RL Environments can be pictured visually like a video game. They are the set of rules like in Chess the colored squares and the rules how each piece moves. Additionally, like Chess there is a way to determine, verify, a task was done successfully i.e. make a correct move (e.g. 1.e4) or outright win the game. RL Environments range from games like Chess or 2048 to an simulation of a computer terminal to even an email box. The important part of an environment is that there is a way to verify the task was done either bad (0) or good (1). Most of the coding time for training your agent will be spent on the environment and the verifying function i.e. the rubric for the success or failure of task in binary terms (1 or 0). The quality of an okay agent vs a good agent is often how well the environment and verifier models real life.
Setting up an Environment
Following Along
Here is a link to a Jupyter Notebook where all of the code is defined. You can either follow along the Notebook or follow along here.
Objective
Before we define the environment, we need to indentify the objective of our agent. We will be training an agent that uses agentic RAG. Agentic RAG is a method of RAG where searches are done multi-turn, comparable to how a human searches, and therefore it can adapt on the fly to refine results based off previous results. An example of searching for a topic generally then refining the search to find more specific information.
Choosing a Model
For this training run, we will use Qwen2.5-32B-Instruct. An open source open license model that is compatible with nearly all of the popular inference stack like vLLM.
Scaffolding the Environment with Tools
The environment will be a SQLite database.
The 2 tools used by the agent to interact with the database are:
search_repo: Search a repo for functions by keywords.
read_repo: Read the full details of a function from a repo.

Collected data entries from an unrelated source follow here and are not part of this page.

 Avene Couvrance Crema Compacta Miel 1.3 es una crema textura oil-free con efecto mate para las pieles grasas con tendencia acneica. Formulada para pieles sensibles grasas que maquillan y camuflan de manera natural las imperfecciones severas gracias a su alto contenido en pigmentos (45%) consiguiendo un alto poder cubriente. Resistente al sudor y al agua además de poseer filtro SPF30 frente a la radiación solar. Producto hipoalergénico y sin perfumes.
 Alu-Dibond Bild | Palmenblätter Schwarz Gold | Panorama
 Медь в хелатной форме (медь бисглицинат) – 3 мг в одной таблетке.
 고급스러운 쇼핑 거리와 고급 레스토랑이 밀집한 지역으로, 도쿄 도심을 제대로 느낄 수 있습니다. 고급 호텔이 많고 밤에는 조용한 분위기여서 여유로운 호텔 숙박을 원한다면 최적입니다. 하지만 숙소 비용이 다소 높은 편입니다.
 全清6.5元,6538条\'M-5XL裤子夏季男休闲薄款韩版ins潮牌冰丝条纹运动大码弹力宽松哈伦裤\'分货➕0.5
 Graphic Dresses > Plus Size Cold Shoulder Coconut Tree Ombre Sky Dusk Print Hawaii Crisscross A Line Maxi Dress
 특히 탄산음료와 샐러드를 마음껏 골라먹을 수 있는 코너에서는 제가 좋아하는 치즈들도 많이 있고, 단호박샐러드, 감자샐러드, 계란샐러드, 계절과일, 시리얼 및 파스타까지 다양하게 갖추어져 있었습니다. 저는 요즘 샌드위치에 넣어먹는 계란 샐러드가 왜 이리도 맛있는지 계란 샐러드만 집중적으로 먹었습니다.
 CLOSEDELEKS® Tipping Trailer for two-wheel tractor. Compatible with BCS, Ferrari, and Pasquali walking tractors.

These tools are used for the retrieval of context, and use the fts5 SQLite extension to do full-text search. This approach was selected over embedding-similarity search due its simplicity (don't need embedding model or have to worry about chunking strategies) and strong performance. The tools use sensible defaults to manage context pressure (I found that the vLLM server would timeout if the context grew too large during rollouts), like only returning the first 10 functions of a repo.
The ergonomics of your tools and the agents experience using them, is critical. Your tools will end up as prompts to the LLM, and as you would engineer a well-defined prompt, you should do the same with your tools. Similarly as software engineers would appreciate well documented, structured, self-intuitive and clean code, an LLM would too. Think of this as Developer Experience but for agents. This is an low-hanging fruit for agent performance. Some examples of things you can do include:
Write good doc strings: describe the function, inputs, return values, and show an example usage.
Use intuitive names: for both functions and parameters, so the model can infer meaning.
Clean code: keep logic clear and easy to follow. E.g. avoiding large amounts of if-statements.
The Agentic Loop
The agentic loop is a programmatic loop with an exit condition (e.g. max iterations or an error), that drives the agent to its goal. The loop executes the following steps:
Initialize the conversation with the system prompt, that includes tool definitions and schemas using Pydantic.
Request a completion from the LLM.
Parse completion, mapping token space to code space and extract tool calls.
Execute tool call and capture response.
Append completion and tool call result to conversation.
Repeat for max turns or till an answer is found.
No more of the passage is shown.